The Codex DHT is, indeed, closer to the [libp2p DHT](https://github.com/libp2p/specs/blob/master/kad-dht/README.md) than to discv5 in terms of what it provides. Historically, this is because the Nim version of libp2p did not implement the [Kad DHT spec](https://github.com/libp2p/specs/tree/master/kad-dht) at the time, so project builders opted to adapt the [nim-eth](https://github.com/status-im/nim-eth) Kademlia-based discv5 DHT instead.
A Codex provider will support this protocol at no extra cost other than the use of resources to store node records, and the bandwidth to serve queries and process data advertisements. As it is usually the case with DHTs, any publicly reachable node running the DHT protocol can be used as a bootstrap node into the Codex network.
## Service Interface
The two core primitives provided by the Codex DHT on top of discv5 are:
```python
def addProvider(cid: NodeId, provider: SignedPeerRecord)
def getProviders(cid: NodeId): List[SignedPeerRecord]
```
where `NodeId` is a 256-bit string, [obtained from the keccak256 hash function of the node's public key](https://github.com/ethereum/devp2p/blob/master/enr.md#v4-identity-scheme), the same used to sign peer records.
By convention, we convert from libp2p CIDs to `NodeId` by taking the keccak256 hash of the CID's contents. For reference, the Nim implementation of this conversion looks like:
```nim
proc toNodeId*(cid: Cid): NodeId =
## Cid to discovery id
##
readUintBE[256](keccak256.digest(cid.data.buffer).data)
```
## Wire Format
The key words “MUST”, “MUST NOT”, “REQUIRED”, “SHALL”, “SHALL NOT”, “SHOULD”,
“SHOULD NOT”, “RECOMMENDED”, “NOT RECOMMENDED”, “MAY”, and
“OPTIONAL” in this document are to be interpreted as described in [RFC 2119](https://www.ietf.org/rfc/rfc2119.txt).

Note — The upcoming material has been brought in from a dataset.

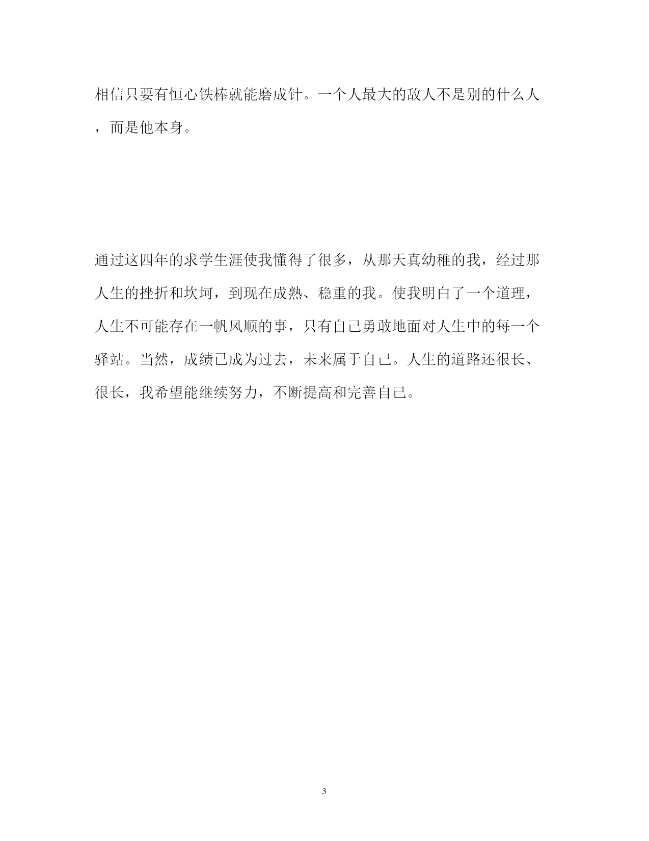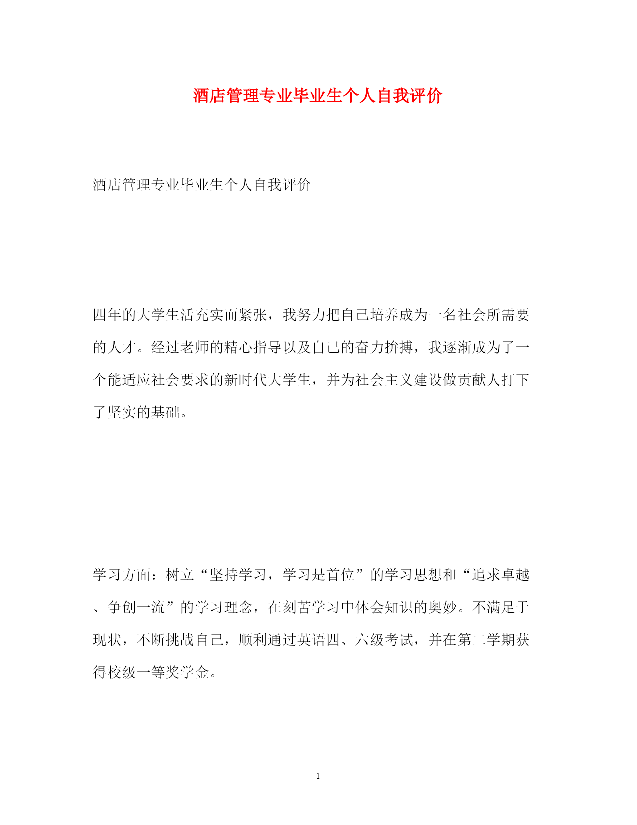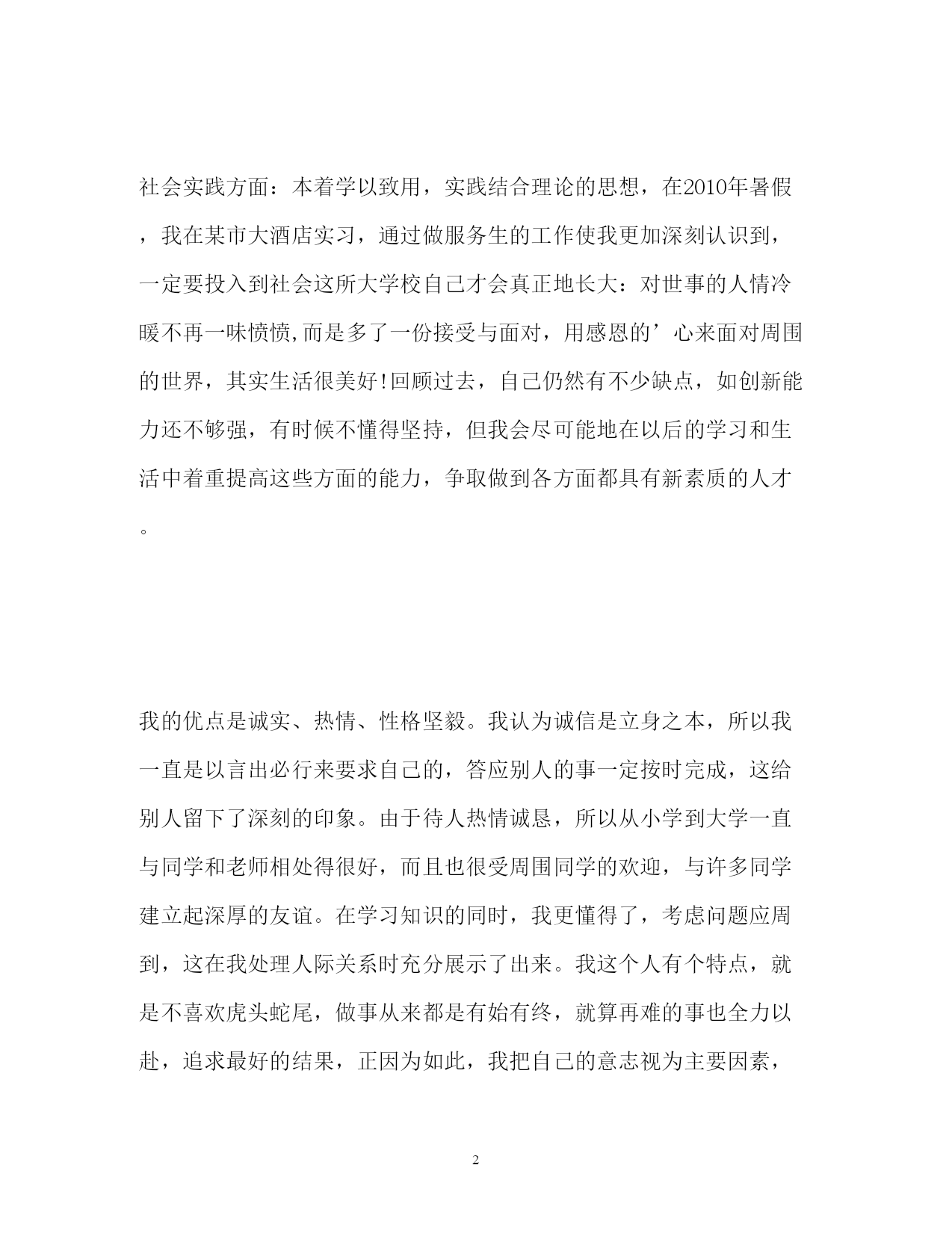 此资料由网络收集而来,如有侵权请告知上传者立即删除。资料共分享,我们负责传递知识。PAGEPAGE3酒店管理专业毕业生个人自我评价酒店管理专业毕业生个人自我评价四年的大学生活充实而紧张,我努力把自己培养成为一名社会所需要的人才。经过老师的精心指导以及自己的奋力拚搏,我逐渐成为了一个能适应社会要求的新时代大学生,并为社会主义建设做贡献人打下了坚实的基础。学习方面:树立“坚持学习,学习是首位”的学习思想和“追求卓越、争创一流”的学习理念,在刻苦学习中体会知识的奥妙。不满足于现状,不断挑战自己,顺利通过英语四、六级考试,并在第二学期获得校级一等奖学金。社会实践方面:本着学以致用,实践结合理论的思想,在2010年暑假,我在某市大酒店实习,通过做服务生的工作使我更加深刻认识到,一定要投入到社会这所大学校自己才会真正地长大:对世事的人情冷暖不再一味愤愤,而是多了一份接受与面对,用感恩的’心来面对周围的世界,其实生活很美好!回顾过去,自己仍然有不少缺点,如创新能力还不够强,有时候不懂得坚持,但我会尽可能地在以后的学习和生活中着重提高这些方面的能力,争取做到各方面都具有新素质的人才。我的优点是诚实、热情、性格坚毅。我认为诚信是立身之本,所以我一直是以言出必行来要求自己的,答应别人的事一定按时完成,这给别人留下了深刻的印象。由于待人热情诚恳,所以从小学到大学一直与同学和老师相处得很好,而且也很受周围同学的欢迎,与许多同学建立起深厚的友谊。在学习知识的同时,我更懂得了,考虑问题应周到,这在我处理人际关系时充分展示了出来。我这个人有个特点,就是不喜欢虎头蛇尾,做事从来都是有始有终,就算再难的事也全力以赴,追求最好的结果,正因为如此,我把自己的意志视为主要因素,相信只要有恒心铁棒就能磨成针。一个人最大的敌人不是别的什么人,而是他本身。通过这四年的求学生涯使我懂得了很多,从那天真幼稚的我,经过那人生的挫折和坎坷,到现在成熟、稳重的我。使我明白了一个道理,人生不可能存在一帆风顺的事,只有自己勇敢地面对人生中的每一个驿站。当然,成绩已成为过去,未来属于自己。人生的道路还很长、很长,我希望能继续努力,不断提高和完善自己。

As in discv5, all messages in the Codex DHT MUST be encoded with a `request_id`, which SHALL be serialized before the actual message data, as per the message envelope below:
```protobuf
message MessageEnvelope {
bytes request_id = 1; // RequestId (max 8 bytes)
bytes message_data = 2; // Encoded specific message
}
```
Signed peer records are simply libp2p [peer records](https://github.com/libp2p/specs/blob/master/RFC/0003-routing-records.md#address-record-format) wrapped in a [signed envelope](https://github.com/libp2p/specs/blob/master/RFC/0002-signed-envelopes.md#wire-format) and MUST be serialized according to the libp2p protobuf wire formats.
Providers MUST[^1] support the standard discv5 messages, with the following additions:
### ADD_PROVIDER request (0x0B)
```protobuf
message AddProviderMessage {
bytes content_id = 1; // NodeId - 32 bytes, big-endian
Envelope signed_peer_record = 2;
}
```
Registers the peer in `signed_peer_record` as a provider of the content identified by `content_id`.
### GET_PROVIDERS request (0x0C)
```protobuf
message GetProvidersMessage {
bytes content_id = 1; // NodeId - 32 bytes, big-endian
}
```
Requests the list of providers of the content identified by `content_id`.
### PROVIDERS response (0x0D)
```protobuf
message ProvidersMessage {
uint32 total = 1;
repeated Envelope signed_peer_records = 2;
}
```
Returns the list of known providers of the content identified by `content_id`. `total` is currently always set to $1$.
## Copyright
Copyright and related rights waived via [CC0](https://creativecommons.org/publicdomain/zero/1.0/).
## References
- [DiscV5 DHT](https://github.com/ethereum/devp2p/blob/master/discv5/discv5.md)
- [Ethereum Node Record](https://github.com/ethereum/devp2p/blob/master/enr.md)
[^1]: This is actually stronger than necessary, but we'll refine it over time.
[^2]: This should link to the block exchange spec once it's done.